━━━━━ INPUT DATA ━━━━━
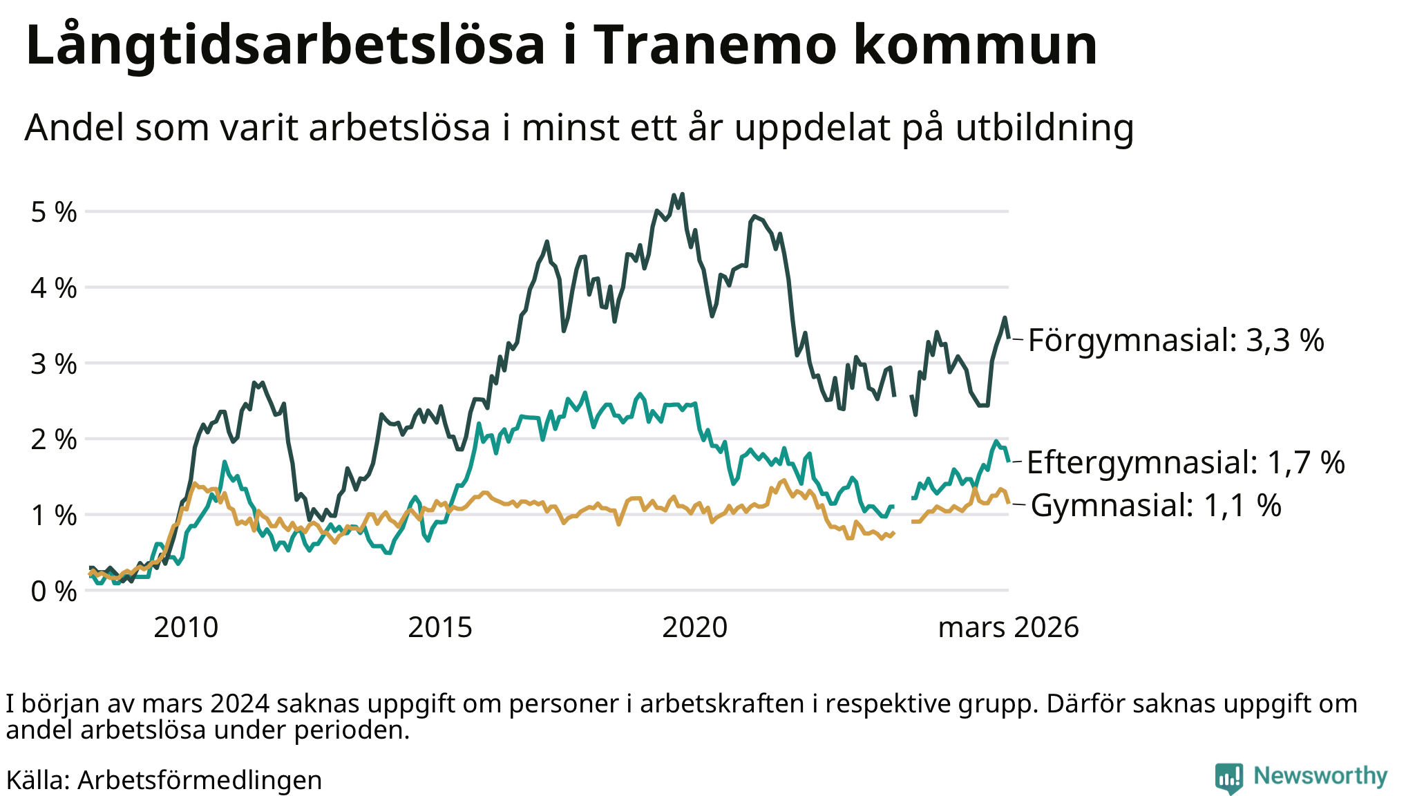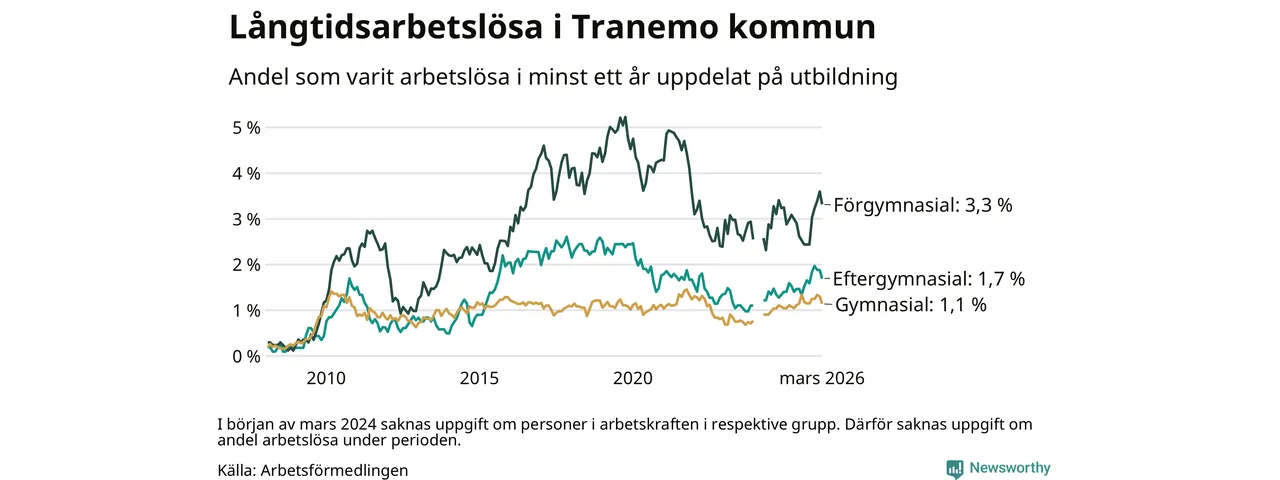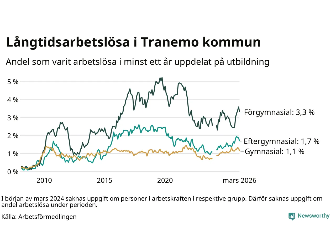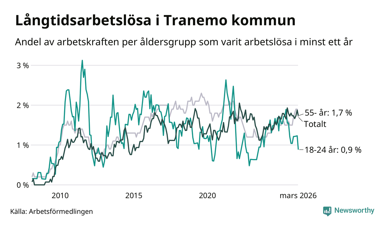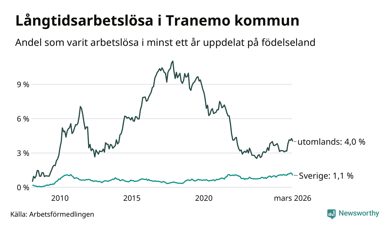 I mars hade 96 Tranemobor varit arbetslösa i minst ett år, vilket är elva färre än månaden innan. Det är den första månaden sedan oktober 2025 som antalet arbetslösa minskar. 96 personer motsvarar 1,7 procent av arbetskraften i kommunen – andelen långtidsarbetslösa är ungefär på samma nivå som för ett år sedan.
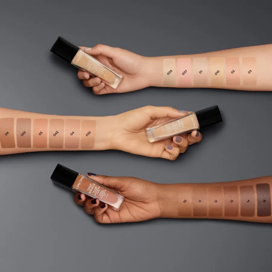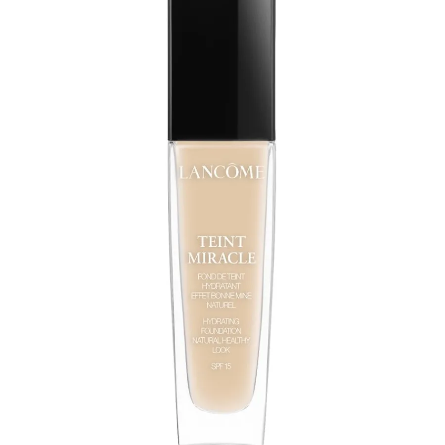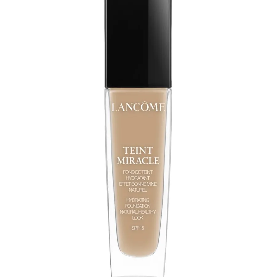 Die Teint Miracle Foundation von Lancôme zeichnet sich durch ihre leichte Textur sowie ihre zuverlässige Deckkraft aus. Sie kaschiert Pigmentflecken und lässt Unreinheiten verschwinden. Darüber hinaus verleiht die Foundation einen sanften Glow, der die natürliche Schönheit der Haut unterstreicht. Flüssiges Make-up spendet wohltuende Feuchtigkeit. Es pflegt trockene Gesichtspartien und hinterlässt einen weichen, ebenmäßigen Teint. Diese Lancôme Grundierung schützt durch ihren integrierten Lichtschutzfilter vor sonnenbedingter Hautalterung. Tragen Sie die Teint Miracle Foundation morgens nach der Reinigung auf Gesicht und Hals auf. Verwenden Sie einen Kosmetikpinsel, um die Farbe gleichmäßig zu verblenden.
━━━━━
━━━━━ INPUT DATA ━━━━━
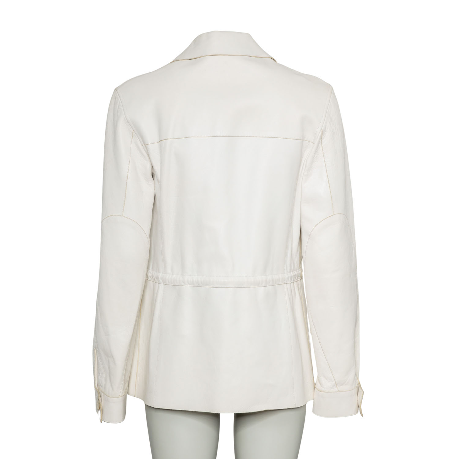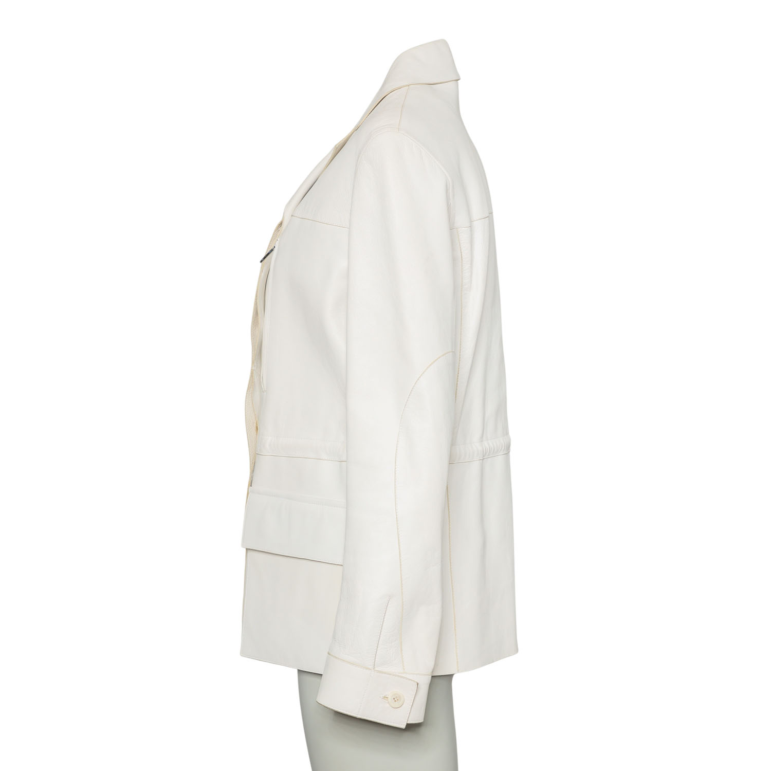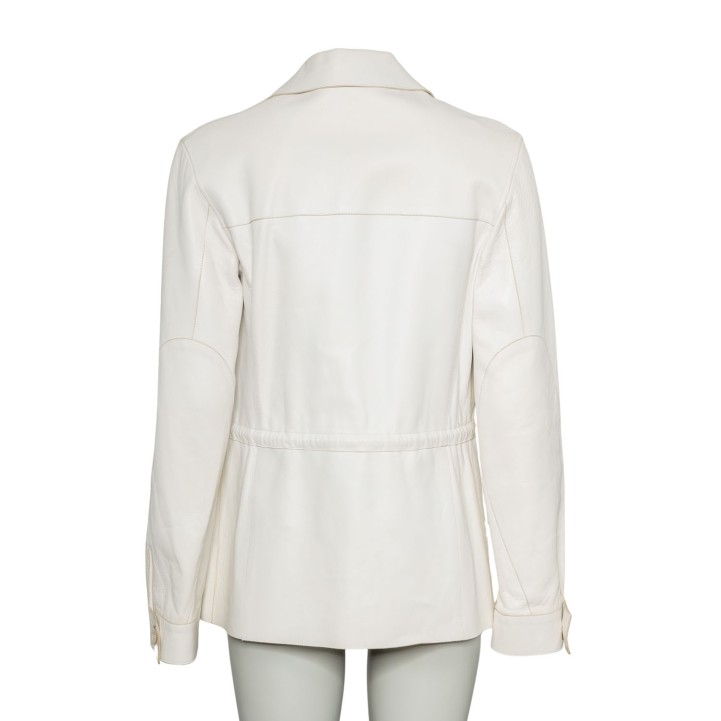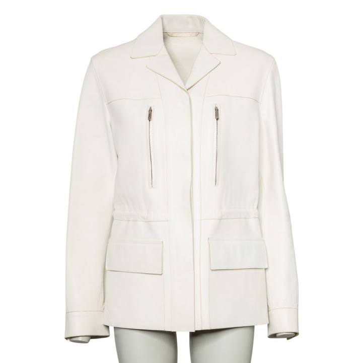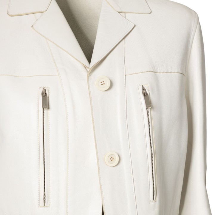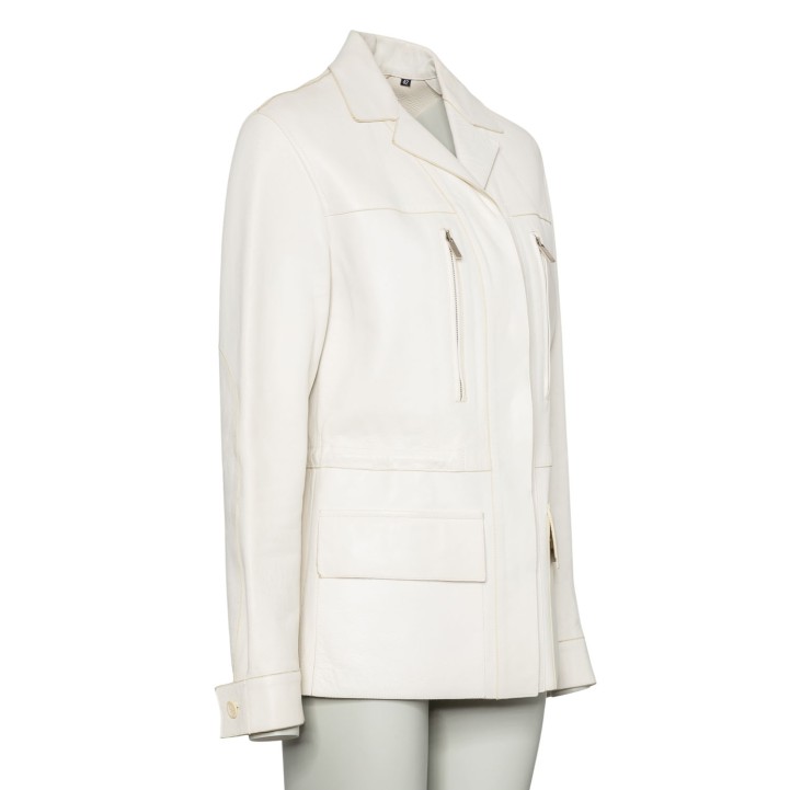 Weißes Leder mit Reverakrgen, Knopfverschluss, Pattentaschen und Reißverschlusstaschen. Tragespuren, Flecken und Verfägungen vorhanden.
━━━━━
— TASK OBJECTIVE —
Starting at the line above that holds "I mars hade", return each line up to and including the one that holds "Die Teint Miracle Foundation von", exactly as written, minus any pictures.

— EXERCISE SOLUTION —
 I mars hade 96 Tranemobor varit arbetslösa i minst ett år, vilket är elva färre än månaden innan. Det är den första månaden sedan oktober 2025 som antalet arbetslösa minskar. 96 personer motsvarar 1,7 procent av arbetskraften i kommunen – andelen långtidsarbetslösa är ungefär på samma nivå som för ett år sedan.
 Die Teint Miracle Foundation von Lancôme zeichnet sich durch ihre leichte Textur sowie ihre zuverlässige Deckkraft aus. Sie kaschiert Pigmentflecken und lässt Unreinheiten verschwinden. Darüber hinaus verleiht die Foundation einen sanften Glow, der die natürliche Schönheit der Haut unterstreicht. Flüssiges Make-up spendet wohltuende Feuchtigkeit. Es pflegt trockene Gesichtspartien und hinterlässt einen weichen, ebenmäßigen Teint. Diese Lancôme Grundierung schützt durch ihren integrierten Lichtschutzfilter vor sonnenbedingter Hautalterung. Tragen Sie die Teint Miracle Foundation morgens nach der Reinigung auf Gesicht und Hals auf. Verwenden Sie einen Kosmetikpinsel, um die Farbe gleichmäßig zu verblenden.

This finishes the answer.